Vande Velde’s future work should help discover how crucial the mitochondrial alterations are in ALS. “We definitely can get at that mechanism,” she said. The researchers are now analyzing their mice for defects in mitochondrial functions such as ATP production, transmembrane potential, calcium handling, and production of reactive oxygen species.—Amber Dance.

References:
Vande Velde C, McDonald KK, Boukhedimi Y, McAlonis-Downes M, Lobsiger CS, Bel Hadj S, Zandona A, Julien JP, Shah SB, Cleveland DW. Misfolded SOD1 associated with motor neuron mitochondria alters mitochondrial shape and distribution prior to clinical onset. PLoS One. 2011;6(7):e22031. Abstract

Farr GW, Ying Z, Fenton WA, Horwich AL. Hydrogen-deuterium exchange in vivo to measure turnover of an ALS-associated mutant SOD1 protein in spinal cord of mice. Protein Sci. 2011 Jul 20. Doi: 10.1002/pro.700. Abstract

 
Comments on News and Primary Papers
  Primary Papers: Misfolded SOD1 associated with motor neuron mitochondria alters mitochondrial shape and distribution prior to clinical onset.

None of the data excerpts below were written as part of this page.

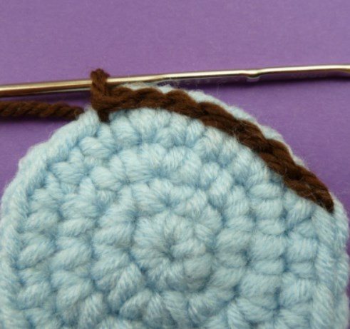 Далее создаём полустолбики во всех воздушных петельках, пока не дойдём до завершения ряда. Здесь одну петлю используем для реализации подъёма, переворачиваем изделие и вводим крючок под нити одной из петель предыдущего участка. В результате получаем нужный нам полустолбик.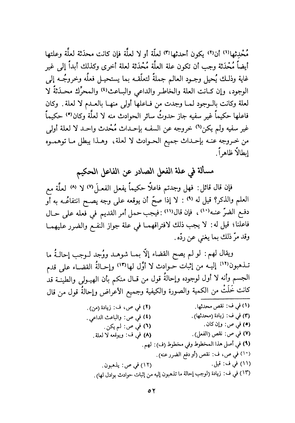 محدثها أَن يكون أحدثها لعِلَّة أَو لَا لعِلَّة فَإِن كَانَت محدثة لعِلَّة وعلتها أَيْضا محدثة وَجب أَن تكون عِلّة الْعلَّة محدثة لعِلَّة أُخْرَى وَكَذَلِكَ أبدا إِلَى غير غَايَة وَذَلِكَ يحِيل وجود الْعَالم جملَة لتَعَلُّقه بِمَا يَسْتَحِيل فعله وَخُرُوجه إِلَى الْوُجُود وَإِن كَانَت الْعلَّة والخاطر والداعي والباعث والمحرك محدثة لَا لعِلَّة وَكَانَت بالوجود لما وجدت من فاعلها أولى مِنْهَا بِالْعدمِ لَا لعِلَّة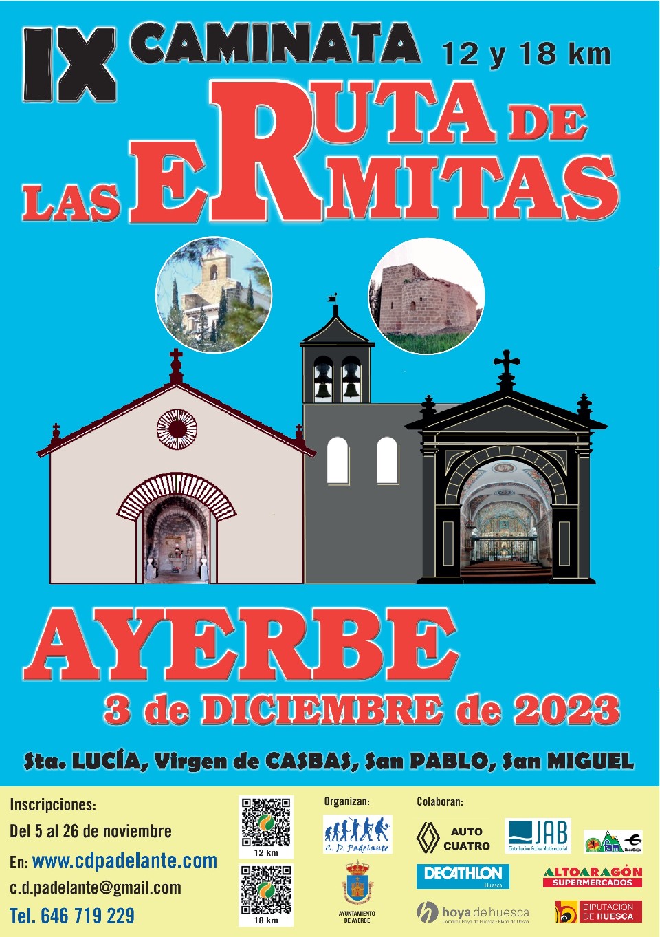 - El Club Deportivo Padelante y el Ayuntamiento de Ayerbe organizan la IX Caminata RUTA DE LAS ERMITAS, el próximo domingo 3 de diciembre de 2023.
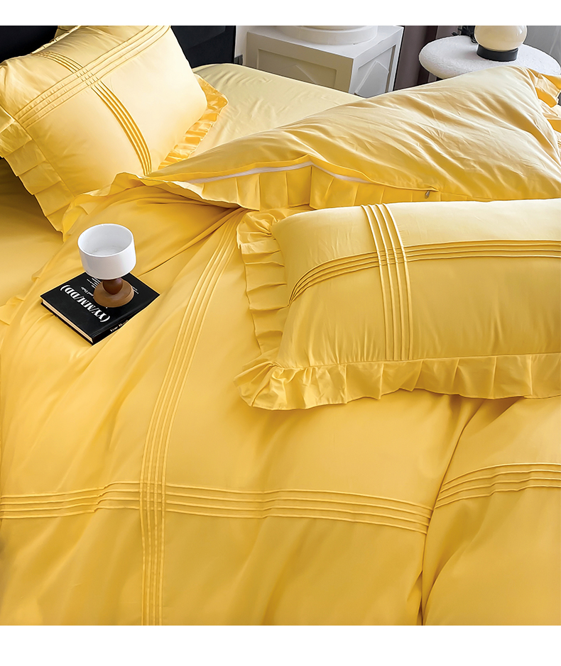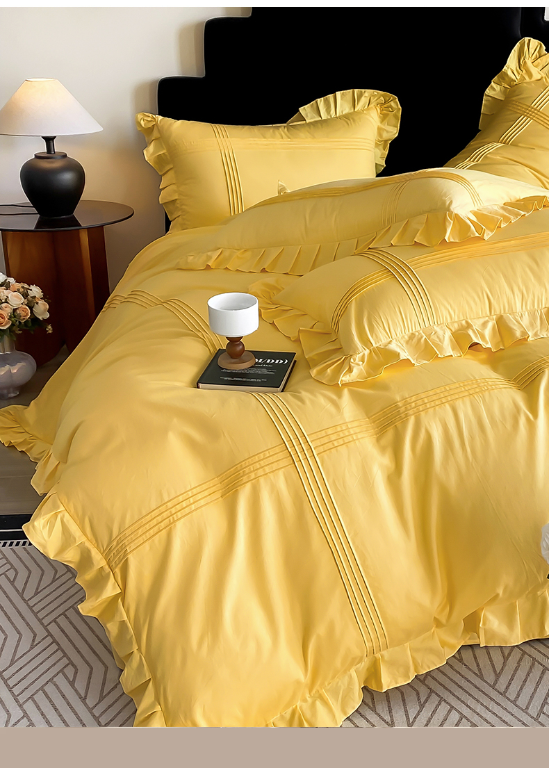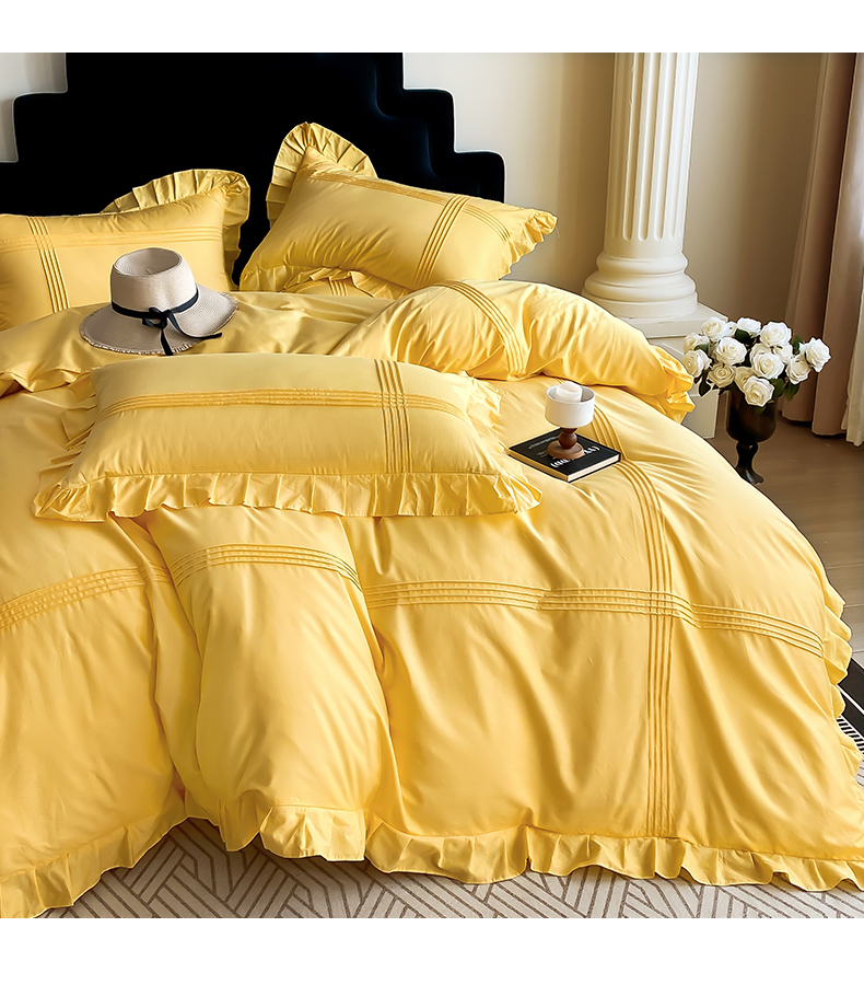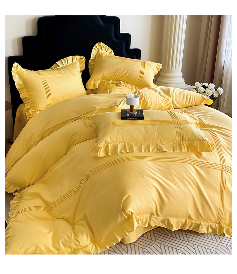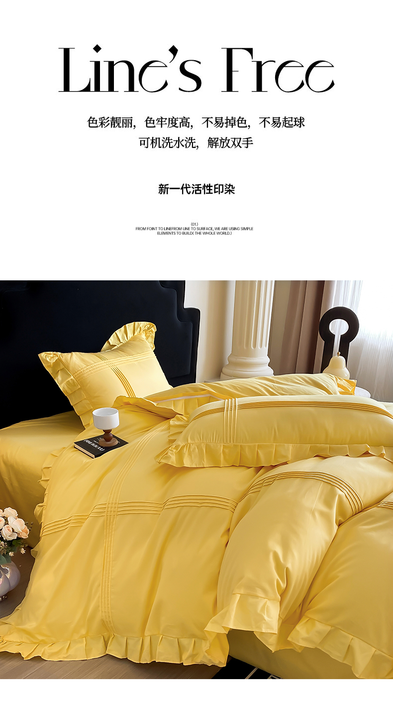 当前位置: 91家纺网 > 商品网购 > 床品套件 > 四件套 > 全棉普通四件套 > 花香四季家纺 2025新款全棉13376公主风纯棉法式手工立体线条四件套 姜黄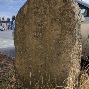 Mezník, kamenný mezník na návsi u autobusové zastávky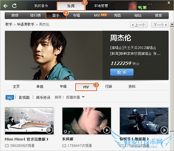3、也可以在【乐库】中选择【歌手】,选择自己喜欢的明星,观看MV噢!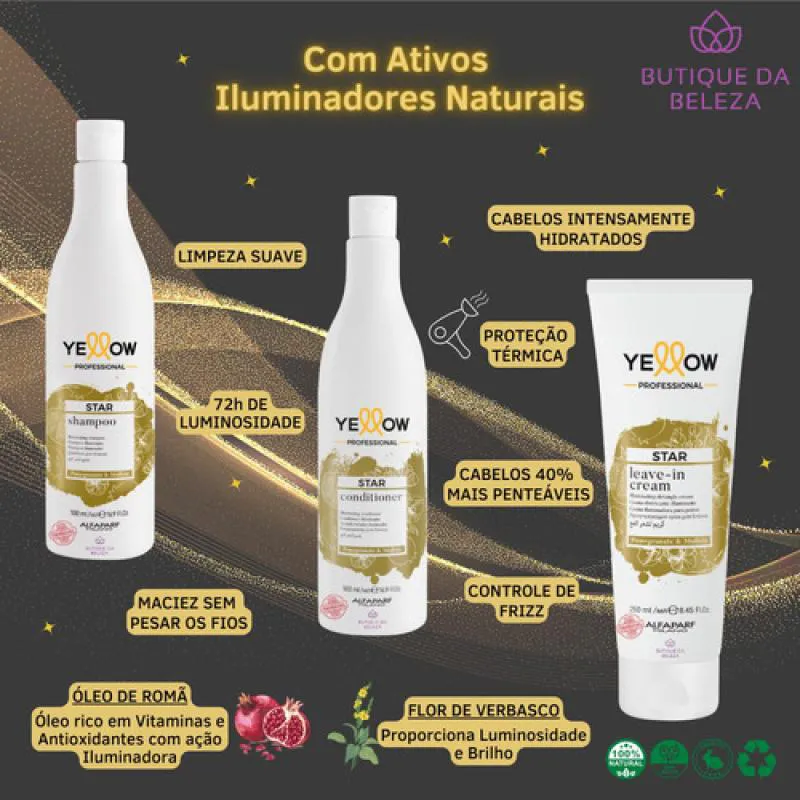 Shampoo Condicionador 500Ml e Leave-In 250Ml Yellow Star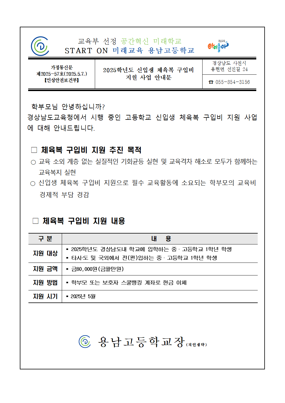 [2025-57호] 2025년 1학년 학생 체육복 구입비 지원 안내
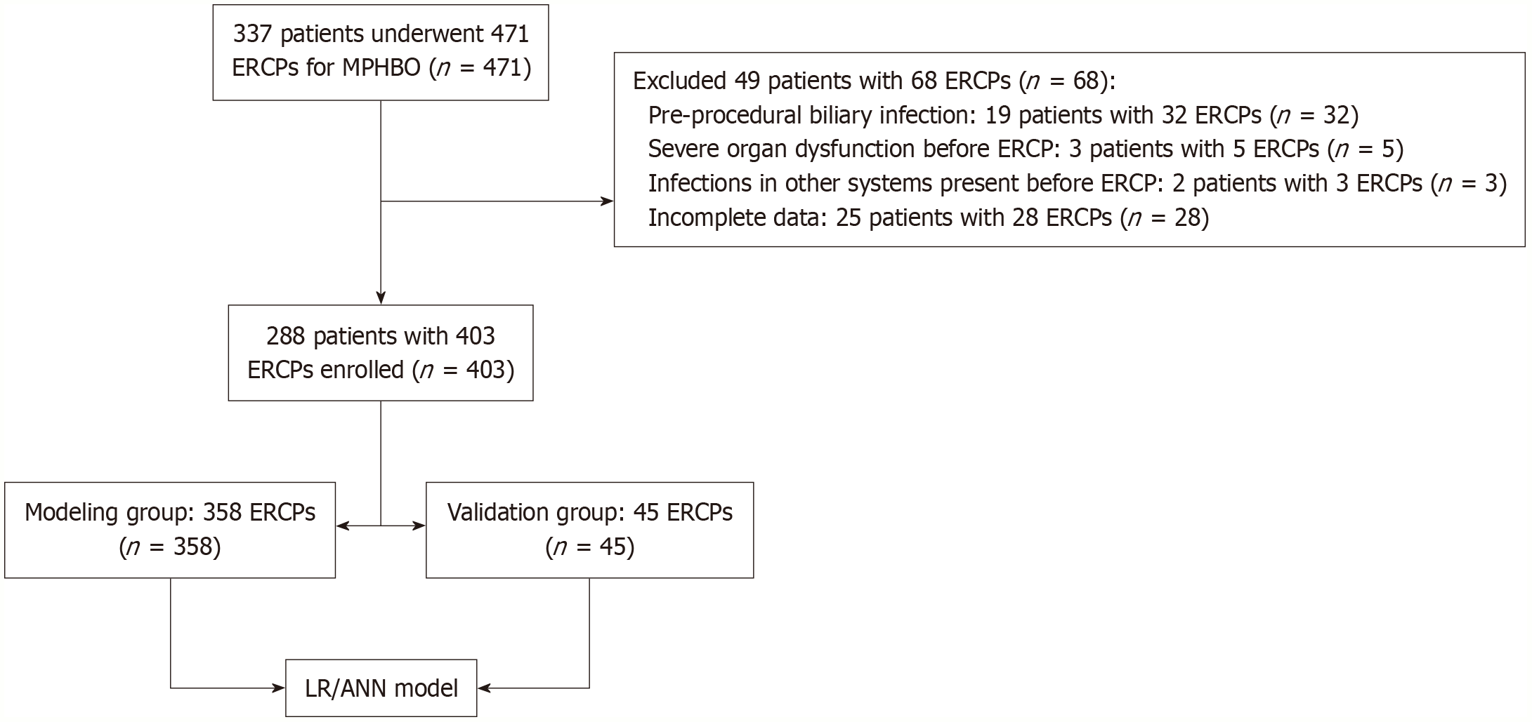 From January 2014 to October 2024, 337 patients with malignant perihilar biliary obstruction (MPHBO) successfully received 471 endoscopic retrograde cholangiopancreatography (ERCP) drainage procedures for MPHBO in three centers. Nineteen patients suffering from 32 ERCPs had pre-procedural biliary infection (n = 32); three individuals suffering from 5 ERCPs (n = 5) had severe organ dysfunction before ERCP; two of those enduring 3 ERCPs (n = 3) had infections in other systems present before ERCP; twenty-five individuals suffering from 28 ERCPs (n = 28) had incomplete data. After 49 patients enduring 68 ERCPs were excluded, 288 individuals suffering from 403 eligible ERCP clinical data were enrolled in the study. ANN: Artificial neural network; LR: Logistic regression.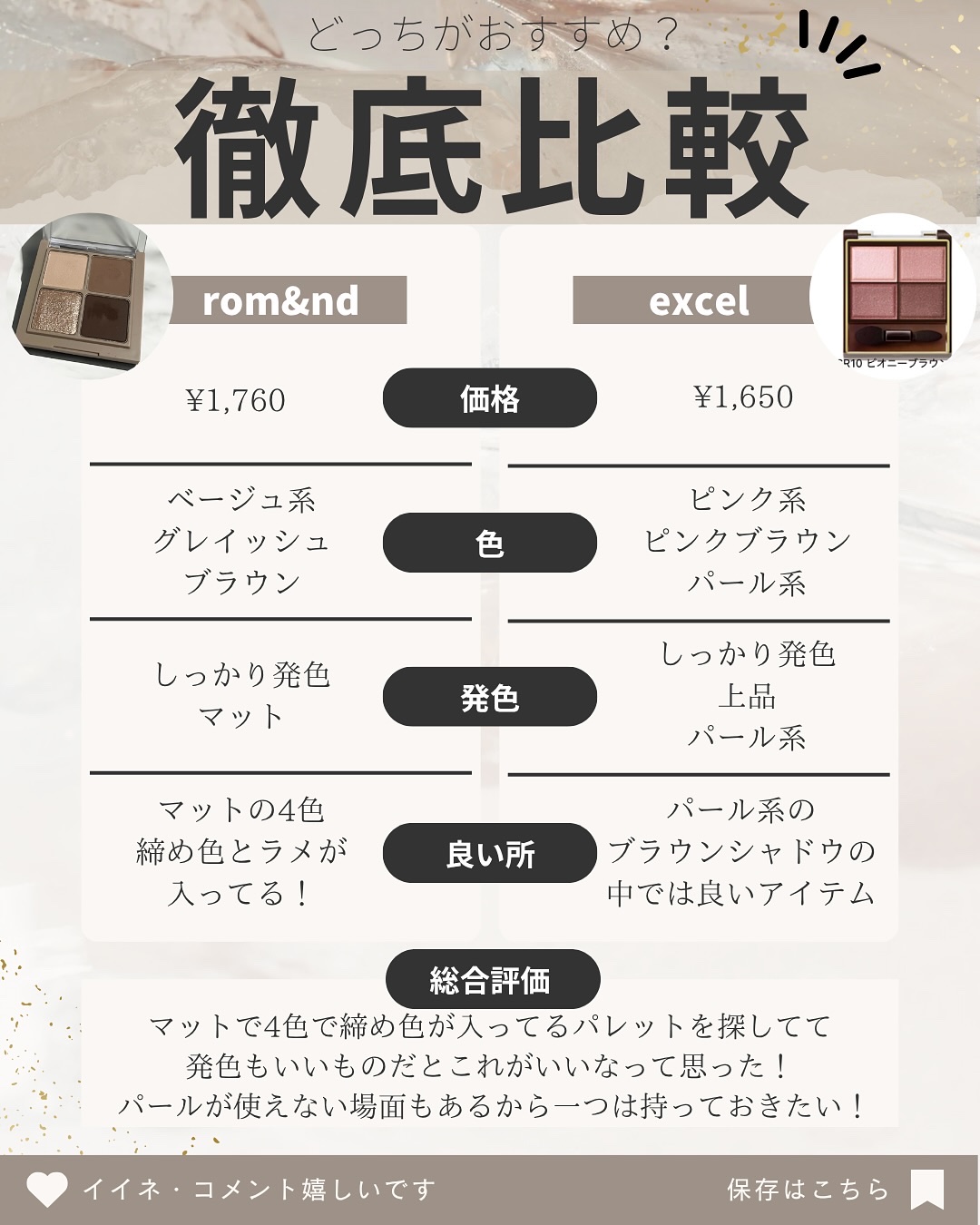 多色パレットだとどれ塗ればいいか悩む…🤔💭4色パレットで、締め色が入ってて、万能ブラウンで、オケージョン問わず使えるマット。そんなシャドウ無いかなあって探してみました!!ラメの所がパールだったら文句無しだった🥹他にもいいアイシャドウ無いか探し...

Comment by:  Lee J. Martin
Submitted 3 August 2011  |  Permalink Posted 3 August 2011

My quick impression is that this work by Vande Velde et al. confirms many earlier studies suggesting that mitochondrial pathobiology may have an important role in the pathogenesis of ALS in mouse models. It is exciting and encouraging that many of the images published in this paper are very similar to previously published work originating for the Xu, Bendotti, and our own lab. Important unanswered questions are, How generalizable is the mitochondrial pathobiology mechanism in other mouse models of ALS, and are similar events occurring in human ALS? We can only hope that mitochondria do have an important role in human ALS, and that mitochondrial-targeted drugs, such as olesoxime, which is in clinical trials in the EU, have a significant beneficial effect.